Psychiatrist Involved in Collaborative Care Before Concept Existed

Published Online:https://doi.org/10.1176/appi.pn.2013.8b8

Abstract

Collaborative care can be “a part of what you do, or it can be all of what you do,” says one expert. “For most of us, it is part of what we do.” This is the third in a series on integrated care.

While on a Navajo Indian reservation in Kayenta, Ariz., working as a staff psychiatrist for the Indian Health Service (IHS), Lori Raney, M.D., discovered a love for the American West and a knack for working as a team member with primary care physicians.

“The Indian Health Service is a self-contained system with mental health, primary care, dental care, and vision care working together,” Raney said. “I was the only psychiatrist, and every morning I was expected to meet with the rest of the physicians—we all showed up regardless of discipline.”

That was in the mid-1990s. Raney had completed a residency program known for traditional psychodynamic training at Sheppard Pratt Hospital in Baltimore when a fellow trainee who had taken a position with the IHS called his colleagues in the East with word that there were jobs available in a ruggedly beautiful landscape.

“Several of us went out there together, and I fell in love with the West,” she recalled. After two years as director of the Counseling Services Department at Kayenta, Raney took a position as clinical director for the entire ambulatory care clinic, also on the Navajo reservation—the first psychiatrist to hold that position. “For five years I supervised all the primary care doctors and got a lot of practice in running a primary care clinic,” she said. “It’s the foundation of my interest in merging mental health and primary care.”

Photo: Head shot of Lori Raney, M.D.

Lori Raney, M.D., urges psychiatrists to look to their own community health centers and hospitals for ways in which they can contribute their expertise to the care of patients in primary care and those with chronic medical conditions.

Lori Raney, M.D.

Today, Raney is one of the leaders within psychiatry of the movement toward collaborative care and is chair of the APA Work Group on Integrated Care. The names—integrated care, collaborative care—are used interchangeably, but in fact denote different models of care.

A true collaborative-care model is different from simply co-locating a psychiatrist in a primary care clinic, which is what is usually meant by integration. “What makes collaborative care unique is that a team of clinicians from different disciplines, including psychiatry, work together, screening patients, tracking their progress, and making sure they improve over time,” Raney explained. “The psychiatrist works closely with a care manager on a consultative basis for a caseload of patients and is readily and immediately available to primary care physicians in a way psychiatry has never traditionally been.”

Following her experience in the IHS, Raney moved to Durango, Colo., where she started a family and began working for the next 13 years as medical director of a community mental health center for Axis Health System.

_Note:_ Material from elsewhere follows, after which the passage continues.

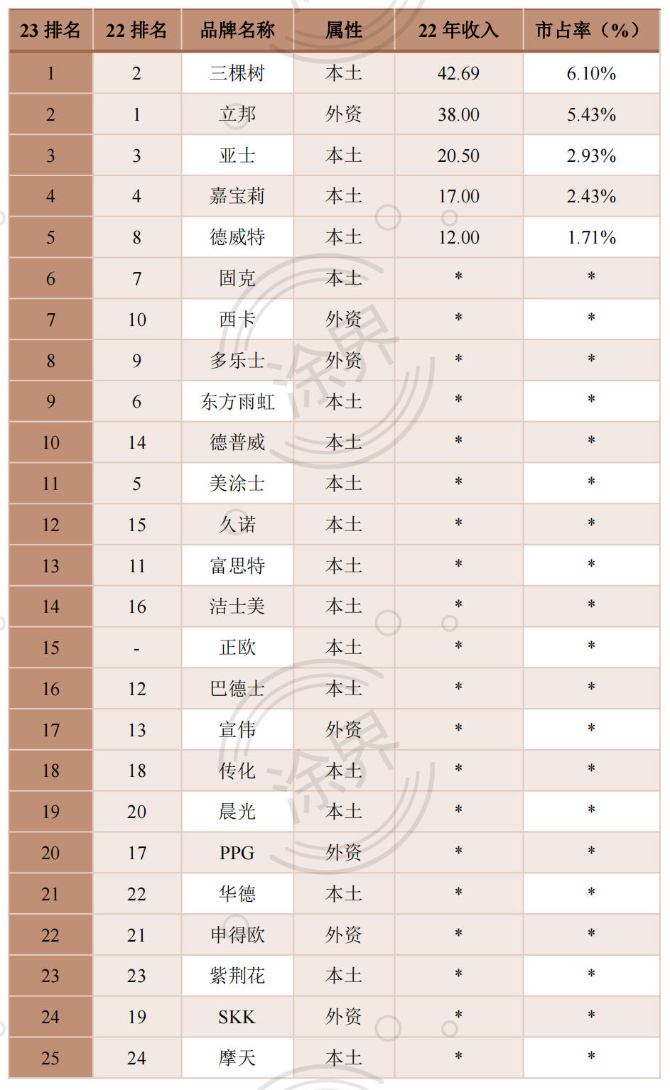 9月15日,为了让业界了解工程建筑涂料市场发展状况,国内涂料行业专业财经媒体《涂界》发布“2023中国工程建筑涂料品牌TOP 25”。该榜单根据企业2022年工程建筑涂料业务销售收入进行排名,这是《涂界》连续第六年发布该榜单,今年榜单入围门槛为2.30亿元。

It was in 2006, she said, that the leadership of Axis became very interested in the then-nascent integrated-care movement. The catalyst was a widely disseminated finding that individuals with severe mental illness were dying on average 25 years earlier than the general population.

“That was a wake-up call that got the attention of a lot of mental health centers,” Raney said. It demonstrates the shared and mutually reinforcing interests—of both the primary care and mental health sectors—that is driving the integration of the two. Just as psychiatrists have an opportunity to assist in the management of depressive and anxiety disorders among patients in primary care settings (and among those with multiple, chronic medical conditions), so the mental health sector needs to incorporate the skills and expertise of primary care to monitor, manage, and treat metabolic disease and other chronic medical conditions among the population with severe and persistent mental illness.

Going 'Full Bore' Into Collaborative Care

In 2007, Raney said Axis went “full bore” into collaborative care, and she became the consultant psychiatrist for a Federally Qualified Health Center and a School Based Health Center. In 2011, she helped design and open the new Cortez Integrated Health Care Clinic, bringing primary and mental health care under one roof.

“My office is literally in the primary care suite, so I am right there with the primary care doctors seeing my patients with severe mental illness but also providing consultation to primary care and behavioral health providers as questions come up,” she said. “I can walk out of my office and into an exam room with a primary care clinician and help that clinician with a patient if needed. And I do that quite frequently.”

Today, Raney continues an eclectic practice doing plenty of what looks like traditional psychiatry along with varieties of consultative, integrated, and collaborative care. “My current practice is a mix of things,” she said. “I see my patients in the community mental health center, but I also go to a federally qualified primary health care center where I work as a consultant psychiatrist on a collaborative care team. I do a lot of consultation with the behavioral health care and primary care providers, and I do educational meetings on a monthly basis. And I do some consultative work to school-based health clinics.”

Raney also has a small private practice in the community.

She emphasized that the opportunity to fashion a collaborative practice according to a clinician’s own setting, circumstances, and personal interests should be one of the attractions of the integrated-care movement—and a source of comfort to clinicians who may think that traditional one-on-one psychiatry is going to disappear.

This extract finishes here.